Struggling Daiichi stumbles with vaccine production again

As if Daiichi Sankyo didn't have trouble enough, the struggling Japanese drugmaker, which is laying off thousands of employees to cut costs, is again having issues with its vaccine production.

The drugmaker issued a recall on Friday for two lots of its freeze-dried live attenuated measles, vaccine "Kitasatodaiichisankyo" and 6 lots of its measles and rubella combined vaccine "Kitasatodaiichisankyo." It said the recalls were initiated after stability testing indicated the vaccines might fall below the specifications for shelf-life time. The drugmaker said it also is testing two more lots of the combo vax to make sure it meets shelf-life specs.

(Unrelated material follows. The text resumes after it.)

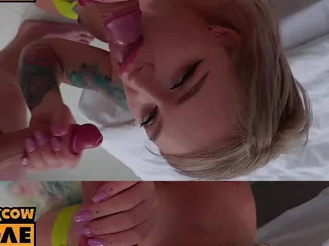"POV - Hot lingerie blonde Leah Meow in spit roast"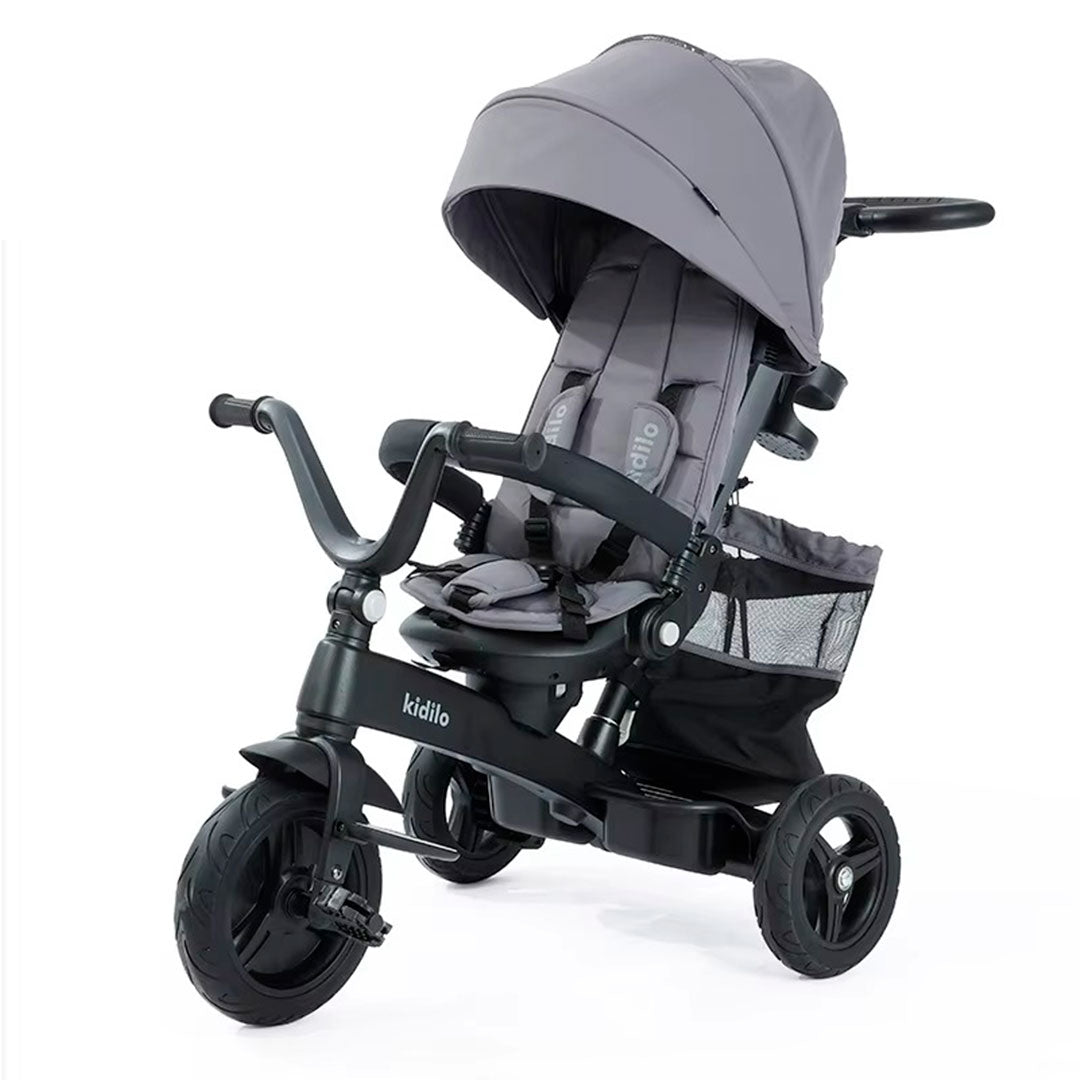 Coche paseador estilo Triciclo Deluxe, con sistema de plegado, asiento ajustable con rotación 360°, manillar de control parental, canasta de almacenamiento, campanilla, cinturón de seguridad de 5 puntos - Kidilo

The drugmaker said at this point there have been no reports of "any impact to efficacy and safety" of the vaccines. The drugmaker apologized to the "medical professionals and the families of children who received or are targeted for inoculation."

The recall came about 10 days after the Japanese company announced it would whack up to 1,200 jobs in the U.S., about half its workforce in its stateside subsidiary. Earlier in the year, it said it was cutting 16% of its commercial headquarters staff and planned to cut its field force as it lost patent protection on the diabetes and cholesterol drug Welchol, a $500 million-plus seller for Daiichi. It also will soon lose the exclusivity on its best-selling med, blood pressure drug Benicar.

Vaccines is one of the areas that the drugmaker has focused on to build revenue and in August said it would invest ¥10 billion ($79.7 million) to add a new building at its Kitasato Daiichi Sankyo Vaccine's main production site in Saitama Prefecture to make some new vaccines. But its vaccine manufacturing stumbled last year when it was unable to meet a promised federal goal for the number of doses it would manufacture of its H5N1 avian influenza vaccine. It discovered diminishing yields during zonal ultracentrifugation and final filtering. It tracked the problem back to suboptimal process conditions during ultracentrifugation and the clogging of vaccine on the filter, it said at the time.